Content starts

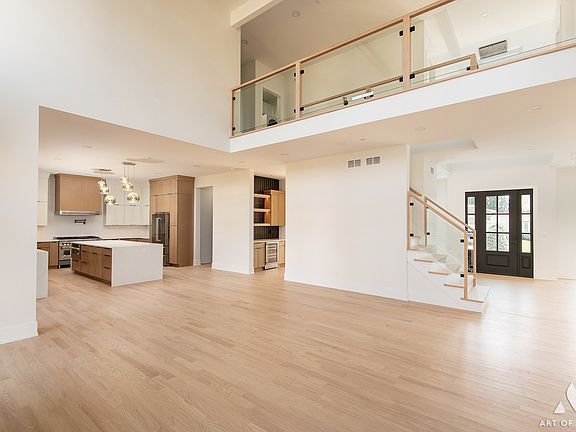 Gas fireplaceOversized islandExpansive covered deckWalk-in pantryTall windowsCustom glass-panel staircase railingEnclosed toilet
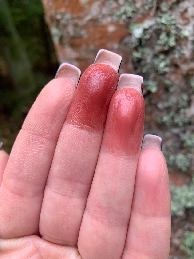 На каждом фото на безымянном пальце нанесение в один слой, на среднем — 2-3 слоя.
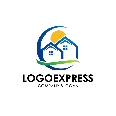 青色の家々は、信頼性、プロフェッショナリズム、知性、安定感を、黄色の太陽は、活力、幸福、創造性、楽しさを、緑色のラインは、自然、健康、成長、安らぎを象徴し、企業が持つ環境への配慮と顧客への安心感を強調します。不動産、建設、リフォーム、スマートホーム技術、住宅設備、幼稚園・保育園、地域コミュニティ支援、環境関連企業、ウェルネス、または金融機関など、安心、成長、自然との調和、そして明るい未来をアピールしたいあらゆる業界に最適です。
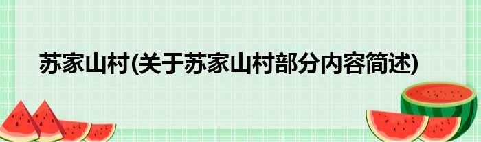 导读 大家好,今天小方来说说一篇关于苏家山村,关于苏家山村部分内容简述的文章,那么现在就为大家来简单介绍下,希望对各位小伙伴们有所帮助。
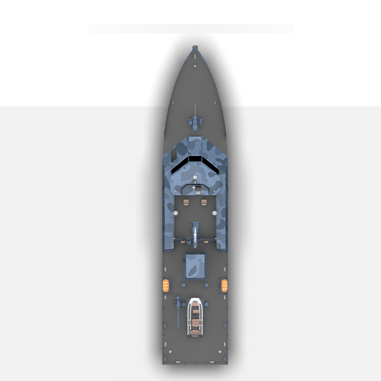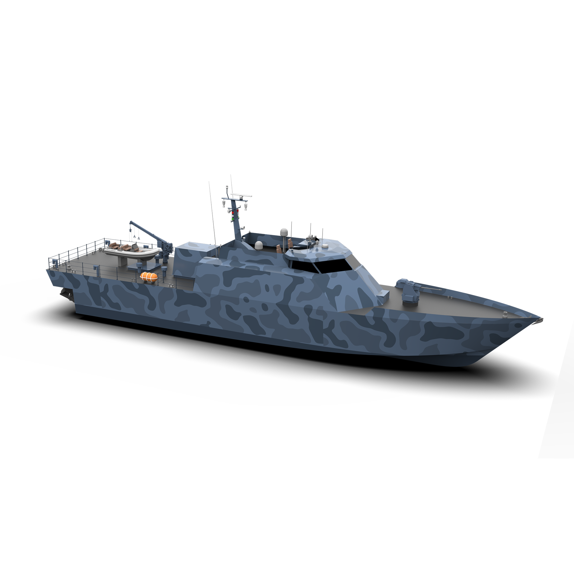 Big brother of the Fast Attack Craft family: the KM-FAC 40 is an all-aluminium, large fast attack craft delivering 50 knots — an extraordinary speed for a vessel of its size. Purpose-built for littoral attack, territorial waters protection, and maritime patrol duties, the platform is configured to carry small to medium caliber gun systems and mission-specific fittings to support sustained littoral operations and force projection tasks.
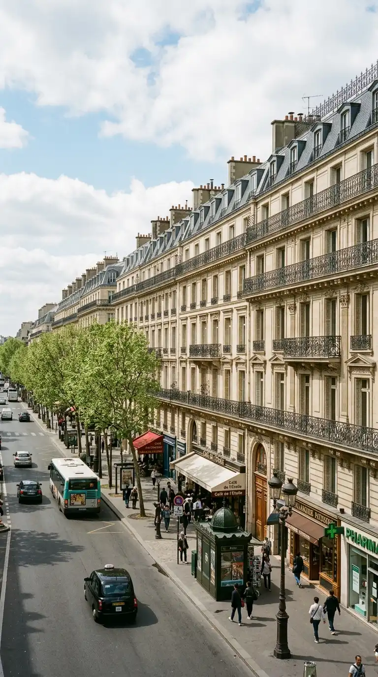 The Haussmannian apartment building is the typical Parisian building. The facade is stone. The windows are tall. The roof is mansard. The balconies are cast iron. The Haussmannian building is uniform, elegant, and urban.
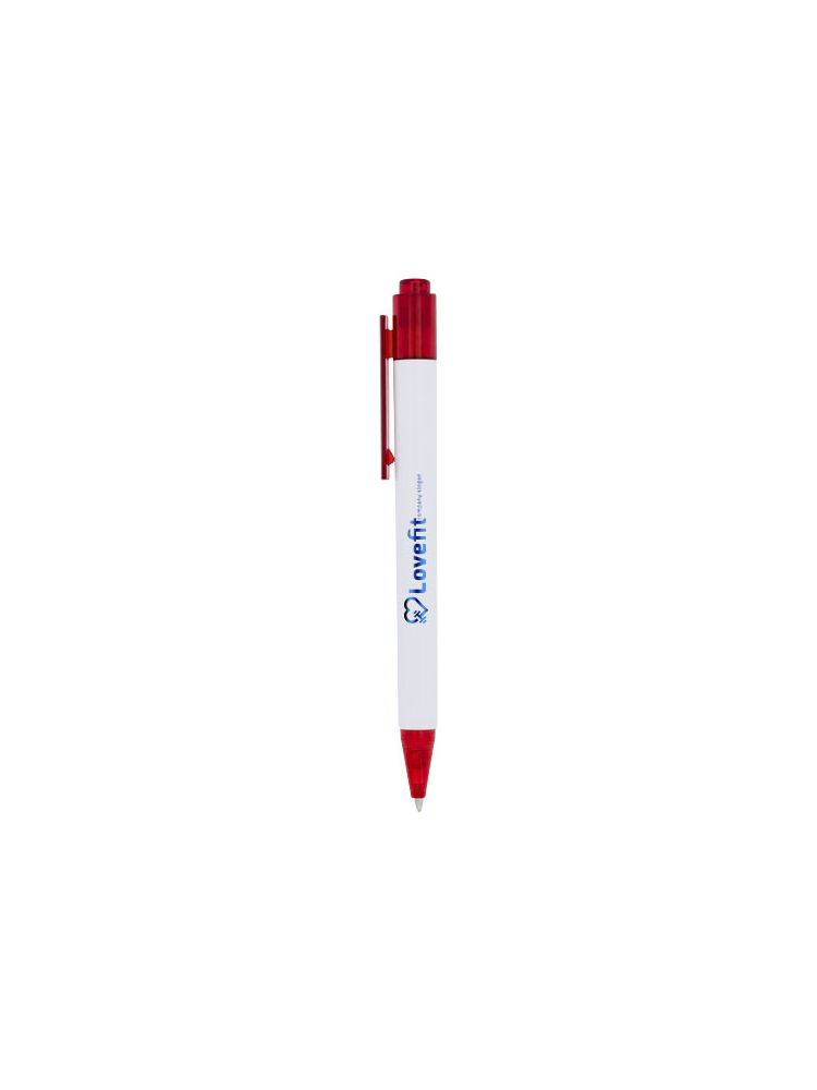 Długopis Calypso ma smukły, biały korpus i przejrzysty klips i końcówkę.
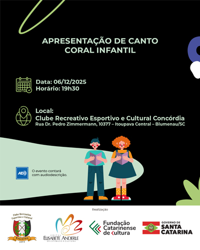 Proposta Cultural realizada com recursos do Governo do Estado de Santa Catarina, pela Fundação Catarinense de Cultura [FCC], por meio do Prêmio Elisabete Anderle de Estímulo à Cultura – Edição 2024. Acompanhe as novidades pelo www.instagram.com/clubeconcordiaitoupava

Content ends

| Task to complete |
The result should be the listing above, restated exactly, with no pictures in it.

| Result of this exercise |
 Gas fireplaceOversized islandExpansive covered deckWalk-in pantryTall windowsCustom glass-panel staircase railingEnclosed toilet
 На каждом фото на безымянном пальце нанесение в один слой, на среднем — 2-3 слоя.
 青色の家々は、信頼性、プロフェッショナリズム、知性、安定感を、黄色の太陽は、活力、幸福、創造性、楽しさを、緑色のラインは、自然、健康、成長、安らぎを象徴し、企業が持つ環境への配慮と顧客への安心感を強調します。不動産、建設、リフォーム、スマートホーム技術、住宅設備、幼稚園・保育園、地域コミュニティ支援、環境関連企業、ウェルネス、または金融機関など、安心、成長、自然との調和、そして明るい未来をアピールしたいあらゆる業界に最適です。
 导读 大家好,今天小方来说说一篇关于苏家山村,关于苏家山村部分内容简述的文章,那么现在就为大家来简单介绍下,希望对各位小伙伴们有所帮助。
 Big brother of the Fast Attack Craft family: the KM-FAC 40 is an all-aluminium, large fast attack craft delivering 50 knots — an extraordinary speed for a vessel of its size. Purpose-built for littoral attack, territorial waters protection, and maritime patrol duties, the platform is configured to carry small to medium caliber gun systems and mission-specific fittings to support sustained littoral operations and force projection tasks.
 The Haussmannian apartment building is the typical Parisian building. The facade is stone. The windows are tall. The roof is mansard. The balconies are cast iron. The Haussmannian building is uniform, elegant, and urban.
 Długopis Calypso ma smukły, biały korpus i przejrzysty klips i końcówkę.
 Proposta Cultural realizada com recursos do Governo do Estado de Santa Catarina, pela Fundação Catarinense de Cultura [FCC], por meio do Prêmio Elisabete Anderle de Estímulo à Cultura – Edição 2024. Acompanhe as novidades pelo www.instagram.com/clubeconcordiaitoupava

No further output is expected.